▸ **DATA FOR THIS TASK**
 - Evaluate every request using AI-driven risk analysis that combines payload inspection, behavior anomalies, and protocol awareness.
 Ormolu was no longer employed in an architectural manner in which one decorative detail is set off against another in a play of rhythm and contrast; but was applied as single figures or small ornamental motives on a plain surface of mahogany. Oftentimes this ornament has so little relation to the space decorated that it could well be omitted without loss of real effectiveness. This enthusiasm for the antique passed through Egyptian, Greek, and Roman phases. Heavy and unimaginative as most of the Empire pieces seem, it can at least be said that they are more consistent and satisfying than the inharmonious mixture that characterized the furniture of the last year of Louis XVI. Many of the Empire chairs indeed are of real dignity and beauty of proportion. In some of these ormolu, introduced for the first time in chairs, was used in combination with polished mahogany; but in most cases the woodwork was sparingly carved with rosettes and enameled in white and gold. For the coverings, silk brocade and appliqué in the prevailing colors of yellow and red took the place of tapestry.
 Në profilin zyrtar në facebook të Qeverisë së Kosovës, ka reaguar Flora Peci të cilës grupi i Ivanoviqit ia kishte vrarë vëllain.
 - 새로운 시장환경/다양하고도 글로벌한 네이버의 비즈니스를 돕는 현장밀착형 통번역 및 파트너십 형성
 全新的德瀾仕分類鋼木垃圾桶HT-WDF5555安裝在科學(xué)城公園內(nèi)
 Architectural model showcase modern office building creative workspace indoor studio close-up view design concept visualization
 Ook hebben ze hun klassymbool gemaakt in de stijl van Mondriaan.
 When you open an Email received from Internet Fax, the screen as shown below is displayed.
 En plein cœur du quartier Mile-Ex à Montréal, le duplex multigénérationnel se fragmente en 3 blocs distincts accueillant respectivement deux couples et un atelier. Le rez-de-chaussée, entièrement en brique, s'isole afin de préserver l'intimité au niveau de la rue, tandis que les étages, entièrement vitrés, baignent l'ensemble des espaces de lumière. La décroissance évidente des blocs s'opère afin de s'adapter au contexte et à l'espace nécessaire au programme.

▸ **WHAT YOU WILL DO**
For the records above, restate every line word for word.

▸ **RESPONSE**
 - Evaluate every request using AI-driven risk analysis that combines payload inspection, behavior anomalies, and protocol awareness.
 Ormolu was no longer employed in an architectural manner in which one decorative detail is set off against another in a play of rhythm and contrast; but was applied as single figures or small ornamental motives on a plain surface of mahogany. Oftentimes this ornament has so little relation to the space decorated that it could well be omitted without loss of real effectiveness. This enthusiasm for the antique passed through Egyptian, Greek, and Roman phases. Heavy and unimaginative as most of the Empire pieces seem, it can at least be said that they are more consistent and satisfying than the inharmonious mixture that characterized the furniture of the last year of Louis XVI. Many of the Empire chairs indeed are of real dignity and beauty of proportion. In some of these ormolu, introduced for the first time in chairs, was used in combination with polished mahogany; but in most cases the woodwork was sparingly carved with rosettes and enameled in white and gold. For the coverings, silk brocade and appliqué in the prevailing colors of yellow and red took the place of tapestry.
 Në profilin zyrtar në facebook të Qeverisë së Kosovës, ka reaguar Flora Peci të cilës grupi i Ivanoviqit ia kishte vrarë vëllain.
 - 새로운 시장환경/다양하고도 글로벌한 네이버의 비즈니스를 돕는 현장밀착형 통번역 및 파트너십 형성
 全新的德瀾仕分類鋼木垃圾桶HT-WDF5555安裝在科學(xué)城公園內(nèi)
 Architectural model showcase modern office building creative workspace indoor studio close-up view design concept visualization
 Ook hebben ze hun klassymbool gemaakt in de stijl van Mondriaan.
 When you open an Email received from Internet Fax, the screen as shown below is displayed.
 En plein cœur du quartier Mile-Ex à Montréal, le duplex multigénérationnel se fragmente en 3 blocs distincts accueillant respectivement deux couples et un atelier. Le rez-de-chaussée, entièrement en brique, s'isole afin de préserver l'intimité au niveau de la rue, tandis que les étages, entièrement vitrés, baignent l'ensemble des espaces de lumière. La décroissance évidente des blocs s'opère afin de s'adapter au contexte et à l'espace nécessaire au programme.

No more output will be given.